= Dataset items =
........

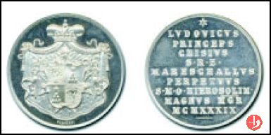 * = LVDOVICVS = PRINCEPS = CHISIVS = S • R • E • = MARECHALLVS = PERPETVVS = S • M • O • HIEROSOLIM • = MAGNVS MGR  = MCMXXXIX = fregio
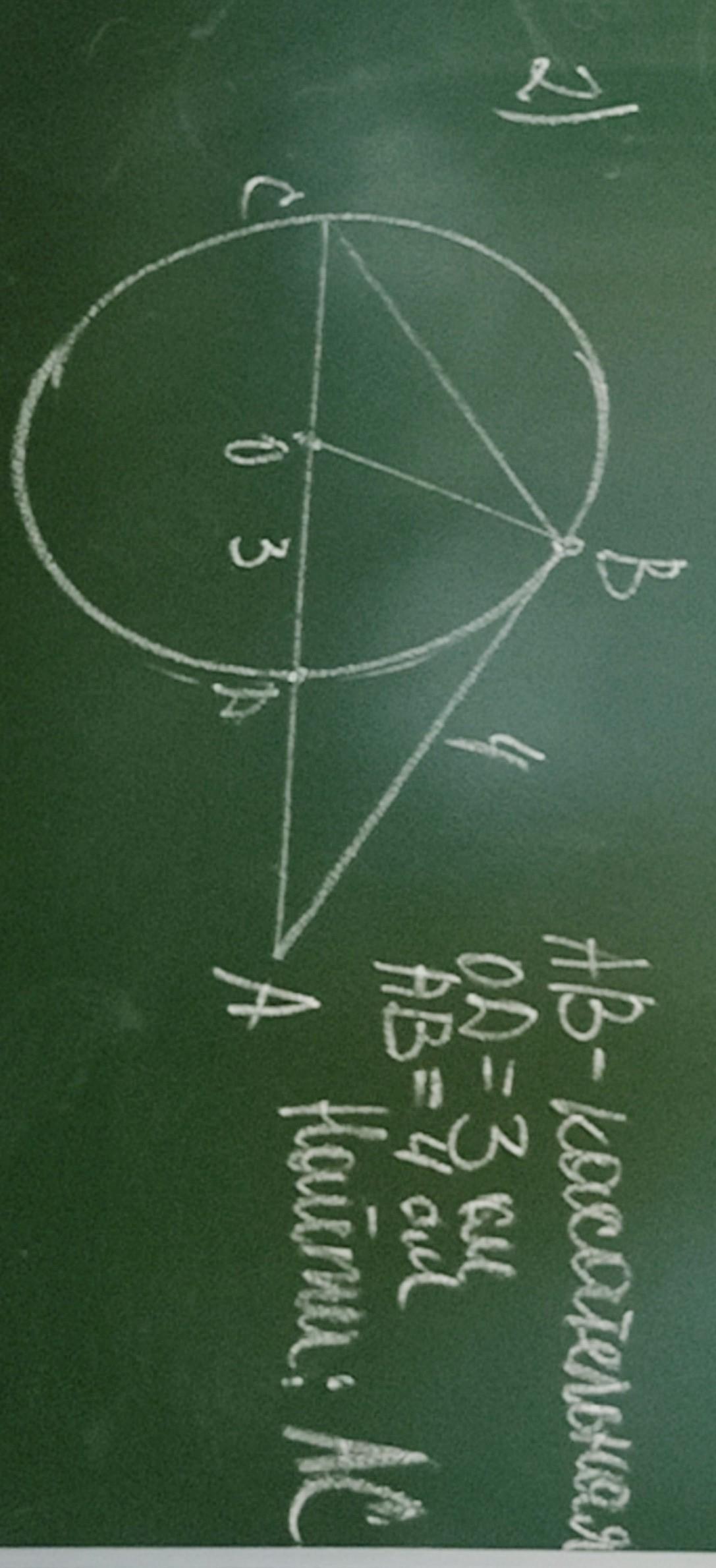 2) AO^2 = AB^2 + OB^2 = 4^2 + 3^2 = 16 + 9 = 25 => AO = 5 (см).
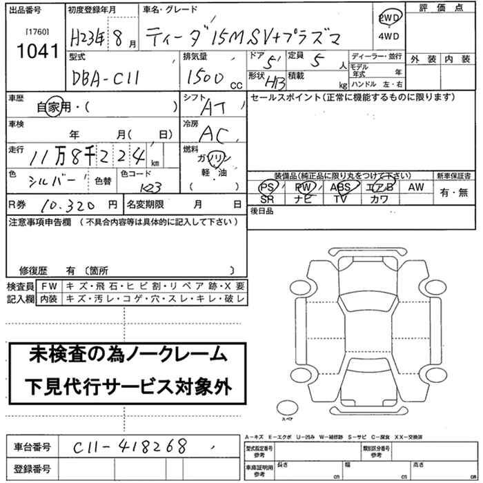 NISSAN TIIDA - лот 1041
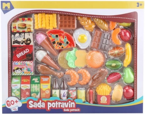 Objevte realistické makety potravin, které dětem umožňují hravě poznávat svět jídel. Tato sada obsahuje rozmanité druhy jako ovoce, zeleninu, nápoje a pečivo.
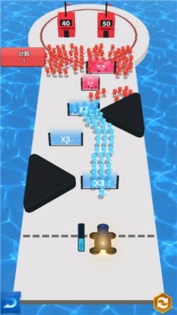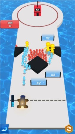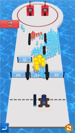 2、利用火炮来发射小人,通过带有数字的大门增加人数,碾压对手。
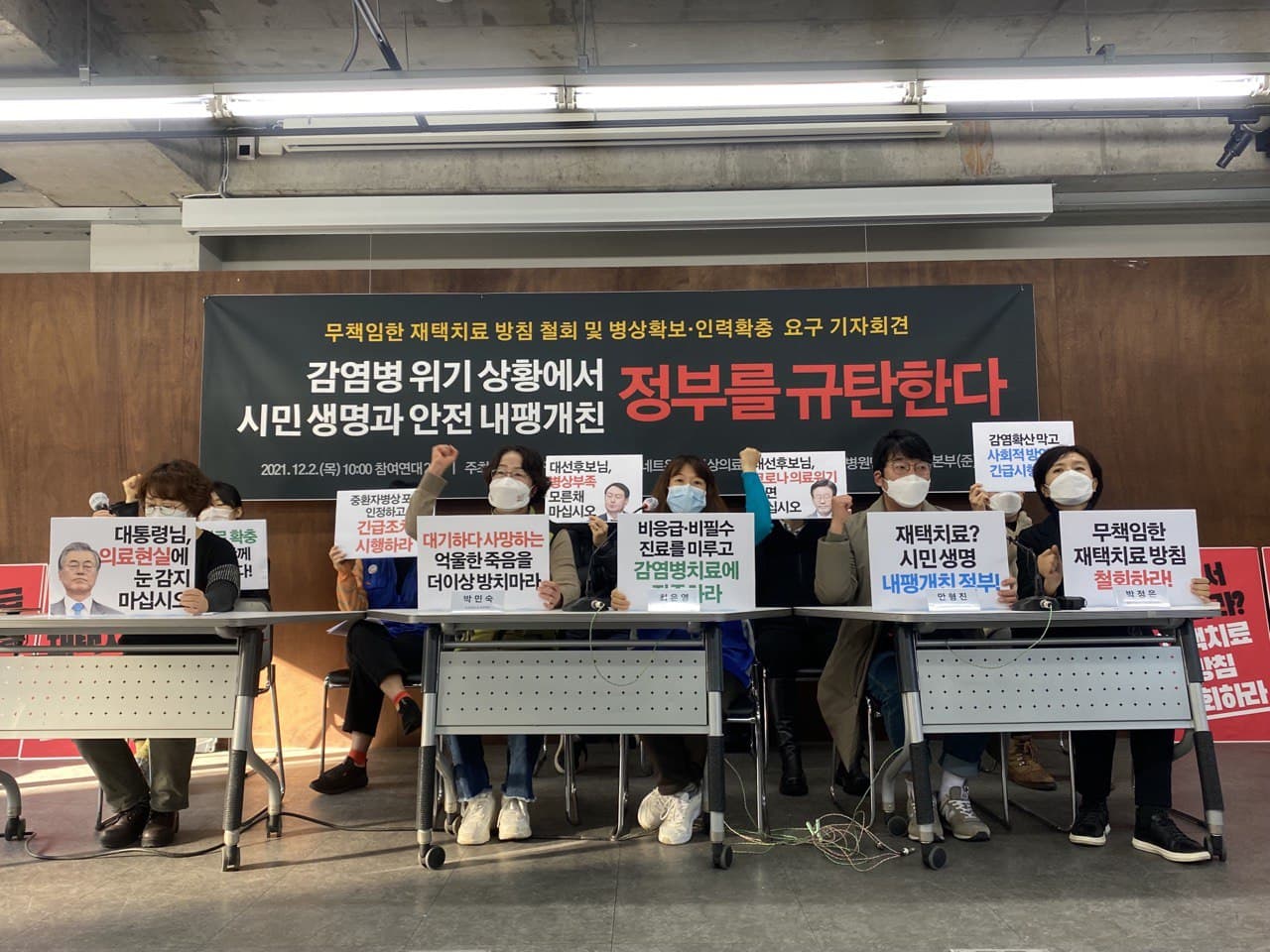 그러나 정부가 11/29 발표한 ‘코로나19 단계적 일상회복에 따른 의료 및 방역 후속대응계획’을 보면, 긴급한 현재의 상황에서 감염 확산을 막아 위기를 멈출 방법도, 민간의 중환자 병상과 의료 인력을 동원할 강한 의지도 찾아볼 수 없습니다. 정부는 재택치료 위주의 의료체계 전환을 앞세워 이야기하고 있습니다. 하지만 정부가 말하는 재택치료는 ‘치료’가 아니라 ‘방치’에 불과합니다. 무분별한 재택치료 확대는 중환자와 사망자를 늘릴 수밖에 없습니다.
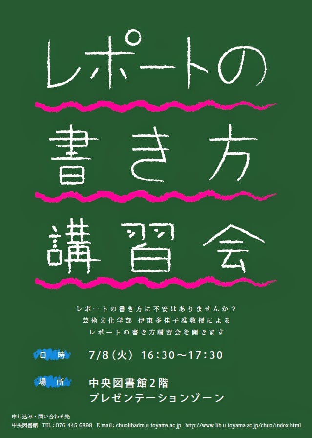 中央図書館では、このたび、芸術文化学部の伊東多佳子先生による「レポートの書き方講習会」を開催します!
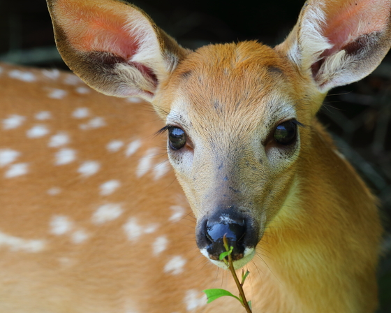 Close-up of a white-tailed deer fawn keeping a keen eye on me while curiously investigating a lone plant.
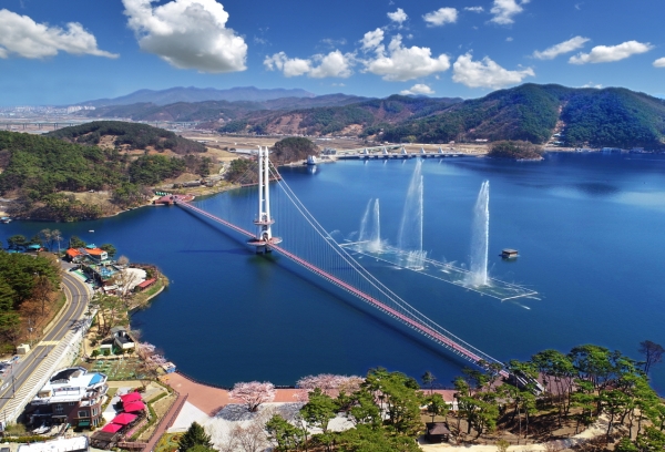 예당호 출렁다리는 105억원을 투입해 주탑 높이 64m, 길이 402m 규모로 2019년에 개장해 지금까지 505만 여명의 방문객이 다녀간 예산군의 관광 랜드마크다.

........

= Problem =
Starting at the line that contains "2、利用火炮来发射小人,通过带有数字的大门增加人数,碾压对手。", reproduce every line through the last one in the records exactly, and omit all pictures.

= Answer space =
 2、利用火炮来发射小人,通过带有数字的大门增加人数,碾压对手。
 그러나 정부가 11/29 발표한 ‘코로나19 단계적 일상회복에 따른 의료 및 방역 후속대응계획’을 보면, 긴급한 현재의 상황에서 감염 확산을 막아 위기를 멈출 방법도, 민간의 중환자 병상과 의료 인력을 동원할 강한 의지도 찾아볼 수 없습니다. 정부는 재택치료 위주의 의료체계 전환을 앞세워 이야기하고 있습니다. 하지만 정부가 말하는 재택치료는 ‘치료’가 아니라 ‘방치’에 불과합니다. 무분별한 재택치료 확대는 중환자와 사망자를 늘릴 수밖에 없습니다.
 中央図書館では、このたび、芸術文化学部の伊東多佳子先生による「レポートの書き方講習会」を開催します!
 Close-up of a white-tailed deer fawn keeping a keen eye on me while curiously investigating a lone plant.
 예당호 출렁다리는 105억원을 투입해 주탑 높이 64m, 길이 402m 규모로 2019년에 개장해 지금까지 505만 여명의 방문객이 다녀간 예산군의 관광 랜드마크다.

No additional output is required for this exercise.